## Task brief
All lines below between the line with "No, this Holiday" and the line with "齐齐哈尔景新街上的老兵食堂,实际上就是地", including both, must be copied exactly, and the pictures must be omitted.

(Collected data entries)
>>>>

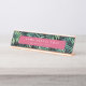 A placa de nome do chic desk tropical contém duas linhas de texto personalizado para seu nome e título ou nome comercial. Personalize com seus detalhes em letras brancas modernas em um retângulo rosa brilhante contrastante colocado em um fundo dramático de folhas botânicas e folhagem da selva.
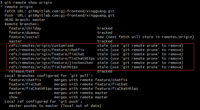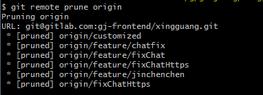 可以发现红框中的分支是远程分支已被删除的分支,根据提示可以使用 git remote prune 来同步删除这些分支。
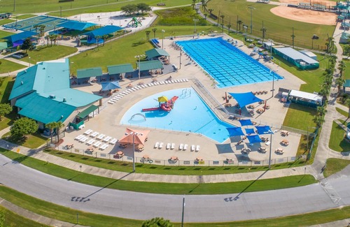 No, this Holiday Beach cottage does not have a swimming pool. Check the Facility Overview section for details about the pool and other available facilities.
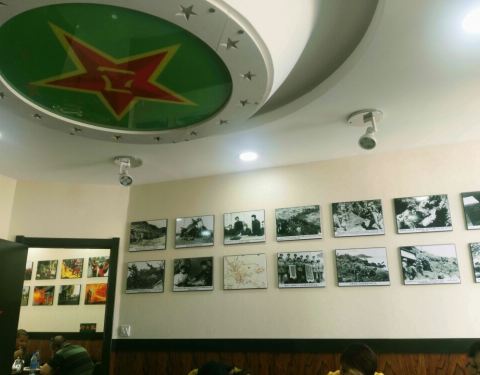 齐齐哈尔景新街上的老兵食堂,实际上就是地道的东北菜馆。食堂里面用我军各个时期的老照片来装饰。风格别具。菜量大,品种多,明天就餐人都蛮多的。
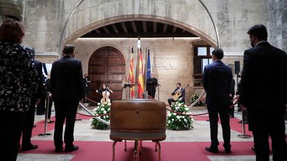 Numerosos ciudadanos, políticos y escritores despiden al premio Cervantes de Oliva en el Palau de la Generalitat, que decretó tres días de luto oficial por su fallecimiento

<<<<

## Exercise response
 No, this Holiday Beach cottage does not have a swimming pool. Check the Facility Overview section for details about the pool and other available facilities.
 齐齐哈尔景新街上的老兵食堂,实际上就是地道的东北菜馆。食堂里面用我军各个时期的老照片来装饰。风格别具。菜量大,品种多,明天就餐人都蛮多的。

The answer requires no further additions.